Desde Cáritas de Ourense explican que el proyecto surgió ante la necesidad de incrementar la calidad de vida del colectivo sin salir de su entorno rural, ya que los mayores manifiestan estar mejor cuando permanecen en su domicilio. Entre otros resultados, los ancianos se sintieron más integrados en su comunidad al comprobar que gracias a ellos se había generado empleo en su comarca.

Otros estudios confirman lo beneficioso que es el ejercicio: en un ensayo clínico, de 12 meses de duración, las participantes, ancianas entre 65 y 70 años, fueron divididas en tres grupos. Las de los dos primeros realizaron ejercicios de resistencia de piernas una o dos veces a la semana. Las del tercero tan sólo ejecutaron gimnasia de tonificación y equilibrio. Los investigadores midieron las facultades cognitivas de todas ellas al comienzo del estudio, al cabo de seis meses y transcurrido un año.

Las mujeres que hicieron pesas mejoraron su destreza mental en dos aspectos: la resolución de conflictos y la atención selectiva (habilidad para responder a las cuestiones esenciales de una tarea o situación y pasar por alto aquéllas que son irrelevantes). En el plano físico, se observó un efecto positivo en la función muscular y en la velocidad durante la marcha, que está muy relacionada con el riesgo de caídas y discapacidad. Por otra parte, hay estudios que demuestran que ser capaz de caminar a buen ritmo está íntimamente relacionado con las funciones cognitivas.

Esto demuestra que arrumbar a los ancianos en residencias poco equipadas es un error muy caro. Las residencias públicas deben tener gimnasios adecuados, y procurar que los internos los utilicen. En cuanto a las privadas, si no cuentan con un gimnasio apropiado, no digo que se las debe obligar a tenerlo, pero sí que se les debe financiar en condiciones muy ventajosas. Siempre saldrá más barato que atender las enfermedades que en los ancianos producirá la falta de ejercicio.

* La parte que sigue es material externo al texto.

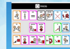
Comunicadores dinámicos con software robustos
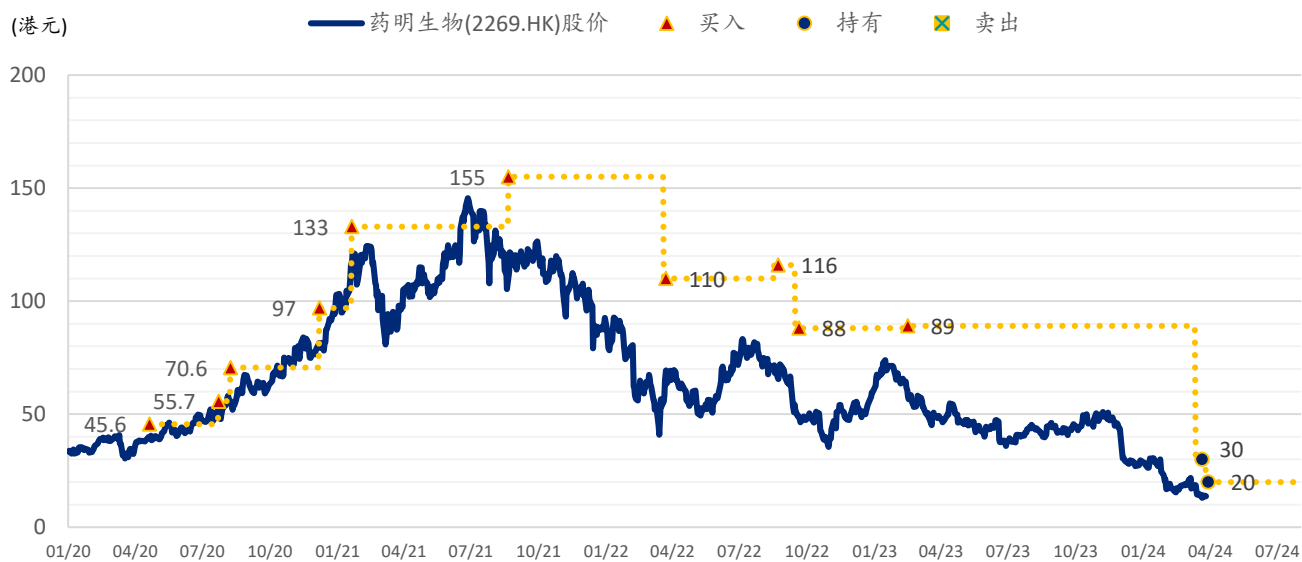
图表 3: 浦银国际目标价: 药明生物 (2269.HK)

Y por supuesto hay que llevar a cabo una campaña de concienciación entre la población mayor, tanto la internada como la, afortunadamente mayoritaria, que todavía vive en sus casas (que es lo más deseable). El médico de cabecera debe preguntar al anciano por el ejercicio que hace y, si no lo practica, animarlo a que lo haga y ofrecerle posibilidades.

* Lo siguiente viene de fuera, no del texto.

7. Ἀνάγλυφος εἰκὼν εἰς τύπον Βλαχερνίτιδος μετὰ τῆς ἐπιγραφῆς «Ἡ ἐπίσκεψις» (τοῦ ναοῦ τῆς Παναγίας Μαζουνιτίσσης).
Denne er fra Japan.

Deben existir suficientes polideportivos y las personas mayores de 60 años deben disfrutar de una entrada gratis al mes (para piscina, tenis, pádel, musculación…) y descuento en otras dos. Hay que fomentar que los ancianos hagan un deporte adecuado compitiendo entre ellos (por ejemplo, pimpón, natación, danza…) por categorías (60 a 70 años, 70 a 80, más de 80…).

Be Sociable, Share!

1 comentario Dejar comentario

  1. Anonymous #

    También se puede implantar un sistema de pequeñas bonificaciones a los pensionistas. Por ejemplo, 2 euros al mes por no fumar, otros 2 por no beber, 2 por mantenerse en la banda de peso adecuada y 2 más por estar en forma. Quien quisiera recibir las bonificaciones tendría que acudir anualmente a un chequeo donde se verificarían. La verificación del peso es sencilla: está dentro de la banda si el índice de masa corporal es mayor de 18,5 y menor de 25.Verificar que una persona está en forma es más complejo, pero se podría dar la bonificación a quien tras 10 minutos de pedalear a ritmo normal en la bicicleta estática no superara los 110 latidos por minuto.No sé si existen pruebas fiables y baratas para determinar si una persona fuma o bebe. De existir, se podrían considerar estas bonificaciones. En otro caso se tendrían que desechar.A cada pensionista tendría que examinarlo siempre una persona y un centro distintos de los del año anterior, para dificultar fraudes.El programa no tendría que verse como un complemento a la pensión (de esa forma alguien podría entender que genera derechos adquiridos), sino como una recompensa, temporal mientras dure el programa, por estar en determinadas condiciones físicas. Convendría ensayar ésta y otras soluciones en pequeños grupos de pensionistas durante un tiempo prolongado, digamos 10 años, para ver cuál produce mejores resultados.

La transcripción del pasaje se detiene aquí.